Nauka i technika

Zrobiłem test DNA, żeby sprawdzić, czy dzięki testom genetycznym stanę się lepszym kolarzem – oto, co odkryłem

  • 5 grudnia, 2023
  • 8 min read
Zrobiłem test DNA, żeby sprawdzić, czy dzięki testom genetycznym stanę się lepszym kolarzem – oto, co odkryłem


Prawie cztery lata temu zacząłem jeździć na rowerze szosowym, co było moją ambicją od dawna, po latach spędzonych (głównie) na podnoszeniu ciężarów i których kulminacją było zwycięstwo w mistrzostwach Wielkiej Brytanii w kulturystyce. Wiedziałem, że z natury bardziej nadaję się do ćwiczeń siłowych niż wytrzymałościowych, więc nie miałem wysokich oczekiwań, że podpalę rankingi Stravy. Niemniej jednak byłem zaintrygowany tym, jak poradzę sobie w sporcie wytrzymałościowym. W ciągu kilku miesięcy pokonywałem dłuższe dystanse i zdobywałem PB, ale potem osiągnąłem plateau. Pomimo konsekwentnych cotygodniowych wysiłków, moje FTP spadło do poziomu i nie osiągałem już PB. Czy mogłem osiągnąć swój limit genetyczny?

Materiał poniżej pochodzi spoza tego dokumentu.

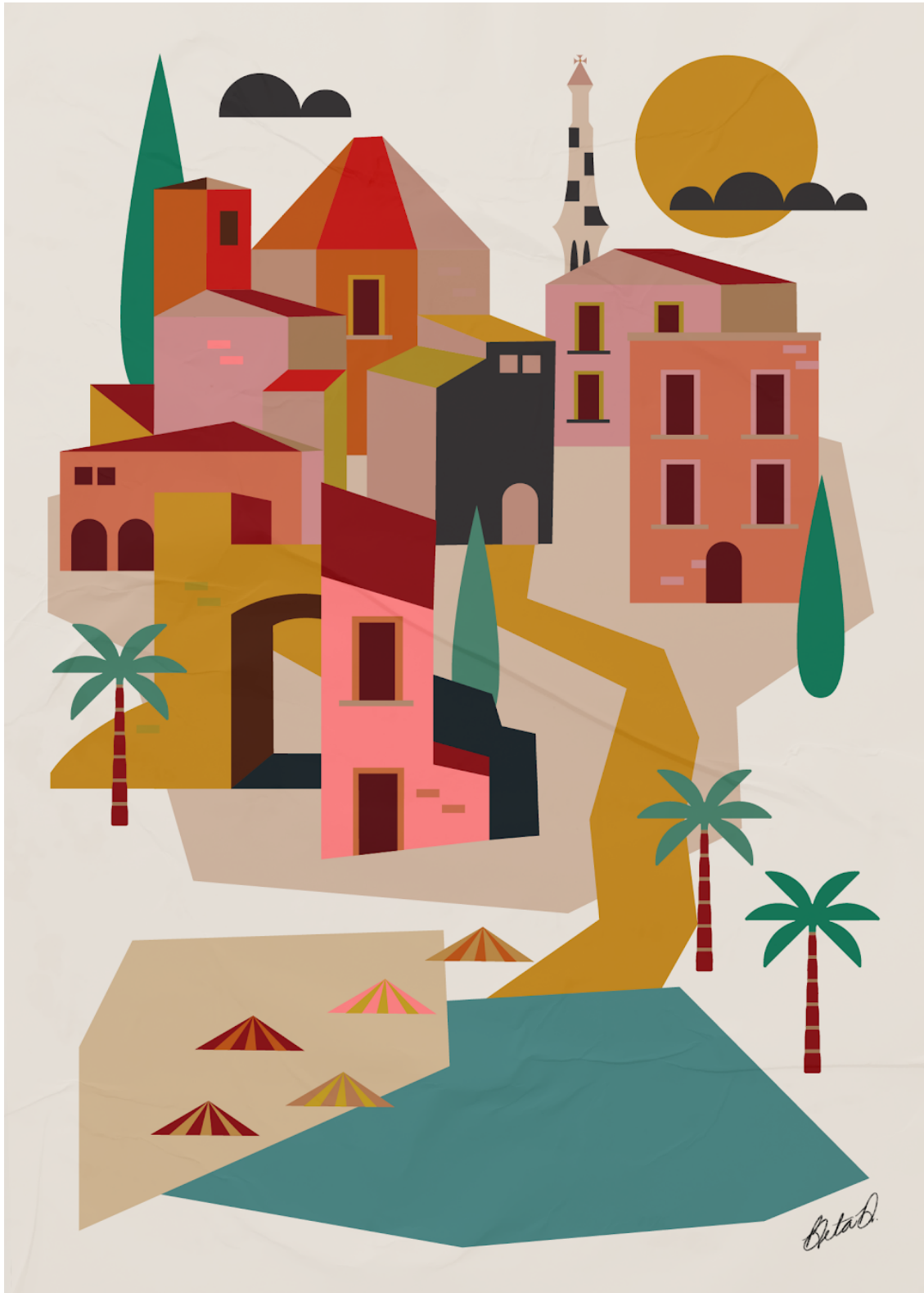
Art by Beta DeFlorian, SDC 2015 Spain Picasso y Flamenco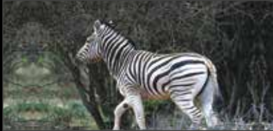
Zebra - Burchell: US$ 950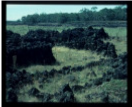
LAKE CONDAH - COMPLEX G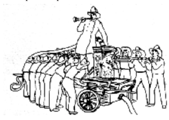
Above: A "New York" style, side-stroke engine with a goose-neck discharge.

Two common designs of these pumps are described in a comprehensive article by the Aurora Regional Fire Museum in Illinois, that can be found on the internet. Earlier models were able to "push" water out of their reservoirs (the "tub") but were not designed for suction. These tubs had to be kept filled by bucket brigades before the engine designs improved to add suction capability or pressurized municipal water systems were developed to feed them from hydrants. There is a lot of interest in restoring these old engines and holding competitions and demonstrations of their operators' prowess.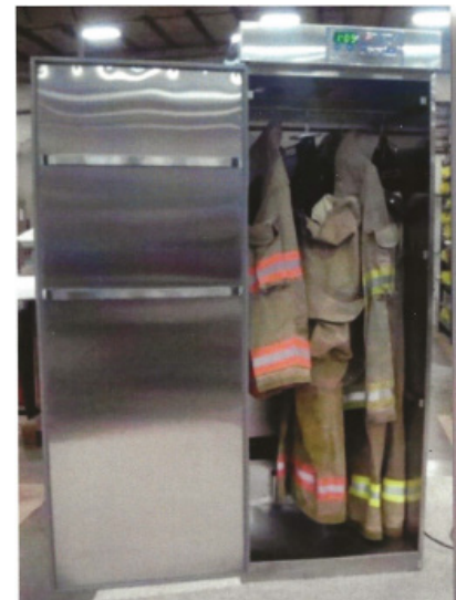
Model - FDCSS-2G with shelves removed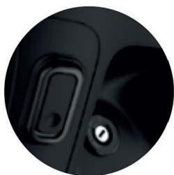
Flip hidden hook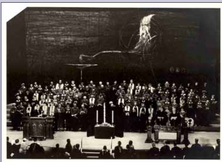
The Ballou Pulpit on the stage at Symphony Hall at the founding of the UUA

The importance of this pulpit in our faith tradition lies not only in its original history, but in a more recent event as well. In May of 1961, the Ballou Pulpit was chosen to represent the Universalist Church of America on the stage of Symphony Hall in Boston at the celebration ceremony for the consolidation of the UCA with the American Unitarian Association to form our present Unitarian Universalist Association. William Ellery Channing's pulpit from the old Federal Street Church in Boston stood for the Unitarian side.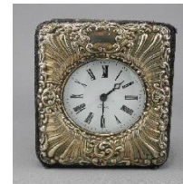
Lot # 413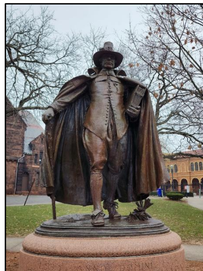
Fig. 1 Augustus Saint-Gaudens, The Puritan , 1886, bronze, Merrick Park, Springfield, Massachusetts.

The staggering toll of the Civil War burdened Americans long after General Lee's surrender at Appomattox Courthouse in the Spring of 1865. Reflecting on Milton and the aftermath of England's own civil war, T.S. Eliot questioned "whether any serious civil war ever does end," 1 lamenting that the effects of a convulsed England were still felt even then in 1960, long after the Restoration of Charles II. Following the defeat of the Confederacy, a similarly morbid convulsion tore at the fabric of a grim-visaged Union. Despite the dismal failures of the Reconstruction period, the United States miraculously emerged into the Gilded Age of the late 19 th century as a consolidated and industrializing nation in search of moral order 2 . The concept of a collapse of meaning bodes well with the theories of French psychoanalyst Jacques Lacan, whose dense but illuminating theories enable a better understanding of Augustus Saint-Gaudens' seminal work, The Puritan (1886) (fig. 1). This forlorn monument plays a fascinating role in a postbellum cultural landscape stained by the violent racial order of the South, the challenges of urban modernity in the North, and the final devastation of the Native Americans west of the Mississippi.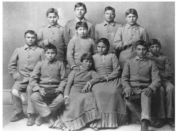
(Left) Chiracahua Apaches as they looked upon their arrival at the Carlisle Indian School, an institution dedicated to inducing Native Americans to abandon their traditional ways. (Right) Chiracahua Apaches after four months at the Carlisle Indian School.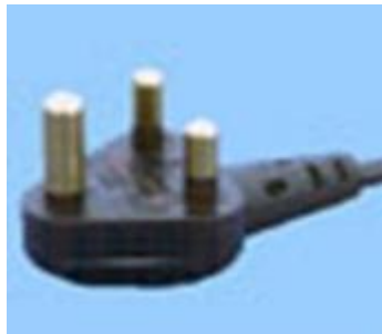
South Africa C13-C13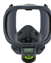
Full face masks BLS 3000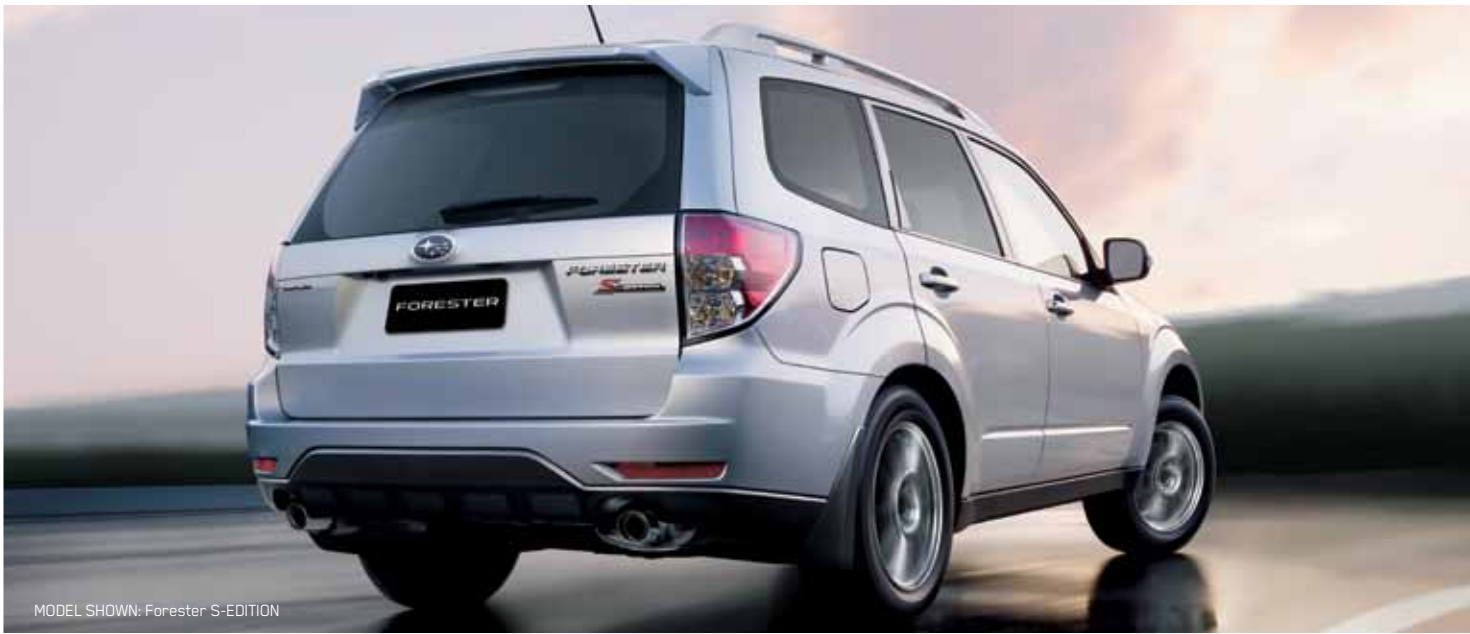
MODEL SHOWN: Forester S-EDITION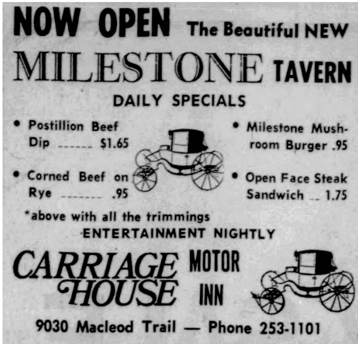
1968 Carriage House food prices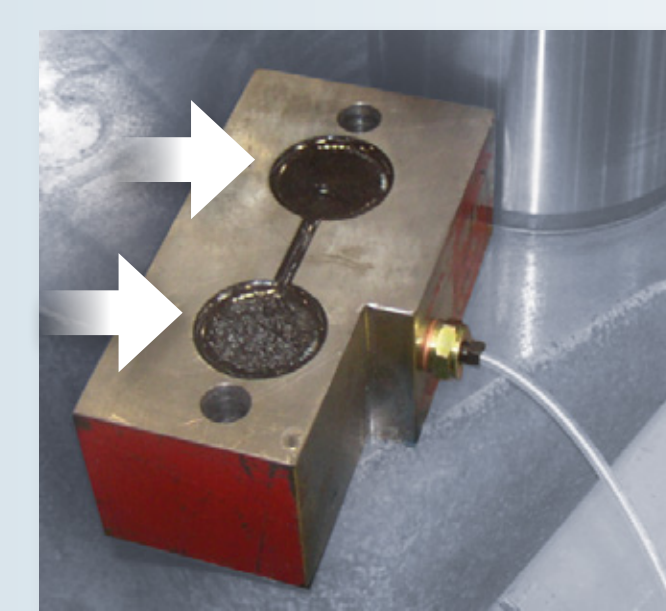
Force sensors in stop block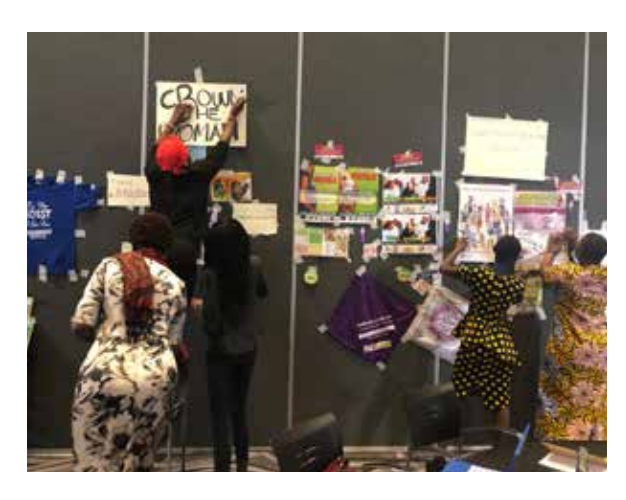
Participants from Crown the Woman and Coast Women in Development create their Peace Walls

t-shirts from a range of years to showcase their youth outreach mechanisms. Likewise, the HOFNA team from Cameroon brought a suitcase full of canvases of artwork made by the young girls they work with in their mentorship program, depicting their experiences of gender oppressions and their hopes and dreams for equitable futures.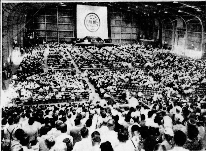
View Of Northwestern University's Memorial Hall As World Council of Churches Met.

WASHINGTON (AP)—Congressional leaders agreed at a White House conference today to try to push through Congress a new bill to outlaw the Communist party as such. In a session with President Eisenhower, the decision was to get the House to pass a measure declaring the Communist party is unlawful and without any rights. It would not make membership in the party by individuals unlawful. But Speaker Martin (R-Miss.) and Sen. Ferguson (R-Mich.) said the government already can go after individual Communists, and is doing so under the Smith Act, which makes it illegal to conspire to overthrow the government. The new approach is intended to supplant a bill that whipped through the Senate last week which would make it a crime to belong to the Communist party provided a person committed an overt act while a party member.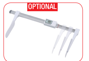
OPTIONAL Mechanical telescopic height digital reading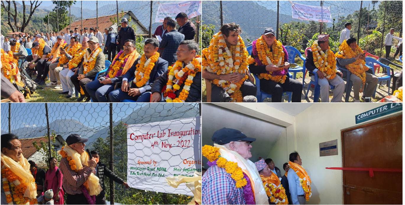
⇒ Computer lab inauguration programme held in Sagarmatha Secondary School, Bung.

installed at Sagarmatha Secondary School, Bung on 4th November 2022.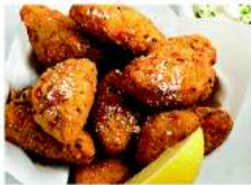
Crispy Fried Artichokes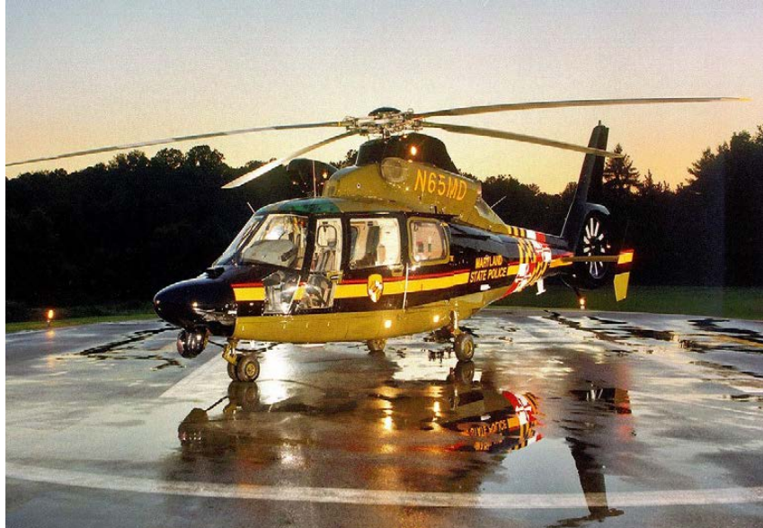
Figure 6. Maryland State Police Airbus AS365N1 Dauphin Helicopter 57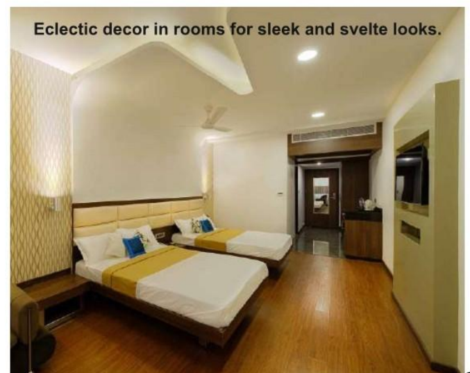
Eclectic decor in rooms for sleek and svelte looks.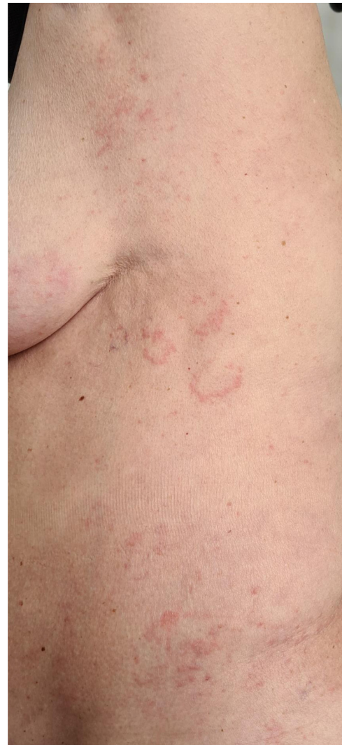
Fig. 3 DIR in a 68-year-old woman with a history of localized scleroderma and appearance of a highly pruritic erythematous papular eruption located within the limits of the morphea lesions, subsequently spreading on different areas of the body, starting on the third day after the first administration of the ChAdOx1 nCoV-19 vaccine (Oxford-AstraZeneca). The low number or absence of skin biopsies is probably due to the mild or moderate local or systemic reactions which resolve quickly only with the help of antihistamines or topical corticosteroids. In our case of “COVID arm” the patient initially agreed to give material for biopsy, but the reaction was over (dissipated) until the time and appointment for the procedure.

The Russian vaccine Gam-COVID-Vac (Gamaleya National Centre of Epidemiology and Microbiology), also known as SputnikV, is heterologous, consisting of two components: a recombinant adenovirus type 26 vector and a recombinant adenovirus type 5 vector, both carrying the gene for SARS-CoV-2 spike glycoprotein. The first phase 1/2 trial based on the data of only 76 healthy participants showed similar results to those of the other adenoviral vaccines with a good safety profile and no severe adverse reactions. Mild local adverse events were observed, such as pain and itch in the injection site, as well as hives in one patient. 50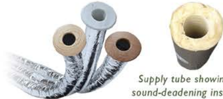
Supply tube showing its sound-deadening insulation

The Unico System Supply Outlets provide quiet delivery of high velocity air to the conditioned space. Unico outlets come in 2" round and 1 1/2" x 8" slotted and are available in a variety of colors and materials.

To dało mi do myślenia, w jakim stopniu nasze geny determinują nasze zdolności sportowe i potencjał treningu wytrzymałościowego. Badania wykazały, że elitarni sportowcy wytrzymałościowi mają wyższą częstotliwość występowania niektórych wariantów genów w porównaniu z zawodnikami niższej klasy i nie-sportowcami. Weźmy gen ACE, który występuje w dwóch wariantach: ACE I i ACE D. Wykazano, że gen ten jest powiązany ze sprawnością krążeniowo-oddechową i aerobową ze względu na jego rolę w pomaganiu w dostarczaniu tlenu do tkanek naszego organizmu, a także w regulowaniu ciśnienia krwi . Uważa się, że jeśli masz gen ACE I, lepiej nadajesz się do wytrzymałości, natomiast jeśli masz gen ACE D, lepiej nadajesz się do siły i mocy. A Metaanaliza z 2022 r odkryli, że w porównaniu z osobami niebędącymi sportowcami, elitarni sportowcy wytrzymałościowi byli 1,48 razy bardziej narażeni na posiadanie dwóch kopii wariantu I genu ACE.